AFGL 4029 is another interesting Herbig Be stars of high bolometric luminosity (20 000 Lsun; Snell R., Huang Y.-L., Dickman R. & Claussen M.J.: 1988, ApJ, 325, 853) located 2.2 kpc from us (Becker W. & Fenkart R.: 1971, A&AS, 90, 225). We observed this object in July 1996 with 4 narrow-band filters: 8-9 microns, 10.45-10.85 microns, 11-11.45 microns, 11.77-12.22 microns and with a pixel field of view of 0.3". The observations were done partly during day time (thanks John!). At 10 microns, there is no significant difference between the background intensity during day or night. The only problem with day-time observations is guiding. However in the case of AFGL 4029, the object is bright so that we can correct tracking errors, a posteriori, by recentering the individual exposures. As can be seen on Figure 4, there is an extended nebulosity West of AFGL 4029. The emission from this nebulosity appears to be more intense in the 11.3 and 8.6 microns bands, which indicates that the emitters are made of small carboneous material (e.g. Pah's). A careful analysis of the images shows that AFGL 4029 itself is resolved (Zavagno, Lagage & Cabrit in preparation); the spectrum in the resolved circumstellar envelope features 11.3 and 8.6 microns bands, but the band to continuum contrast is lower than in the western nebulosity. As a bonus, thanks to the large field of view which is now available with the 192×128 LETI/LIR array, the HII region 23" to the east of AFGL 4029 (Deharveng L., Zavagno A. et al.: 1996, A&A in press) was also observed. It is clearly resolved (extension more than 8") and also shows the 8.6 and 11.3 micron emission features.

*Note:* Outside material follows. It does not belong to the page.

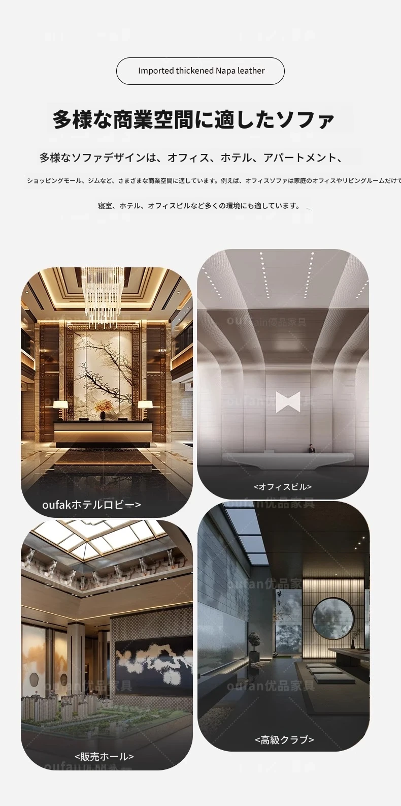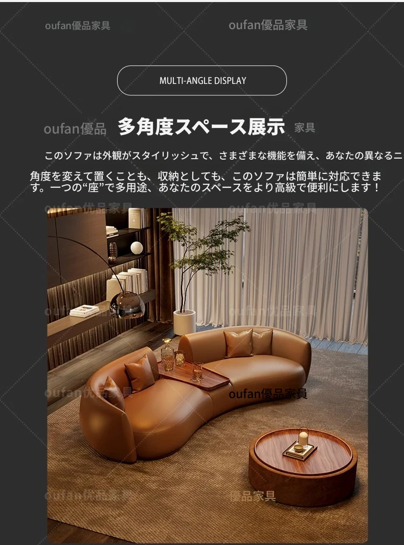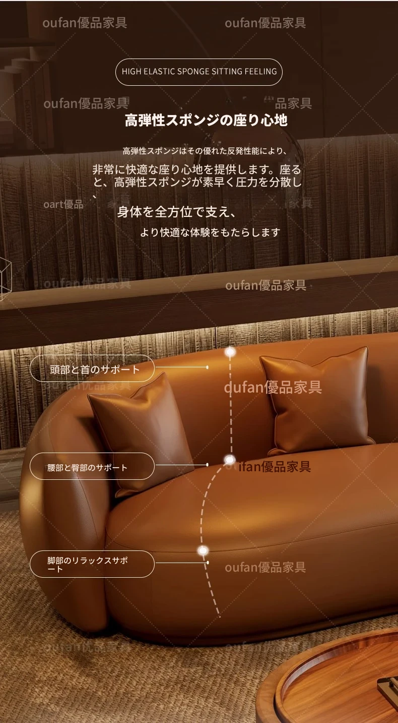 イタリアンラグジュアリー 月の弧を描く本革ソファ 高級感あふれる美容院・販売所・ホテルロビーの休憩エリアに最適!上質なデザインでお客様をおもてなし。

The two examples presented here show how high resolution mid-IR observations can help in understanding the complex environment of Herbig Ae/Be stars. Indeed cold or embedded companions can be revealed. Ambient cloud nebulosity of small carboneous dust or molecules can be detected. Even circumstellar envelopes can be resolved.

Acknowledgements: It is a great pleasure to thanks R. Jouan and P. Masse for perfect technical assistance during the CAMIRAS observations. We also thank E. Pantin for helping us with is filtering and deconvolution technique.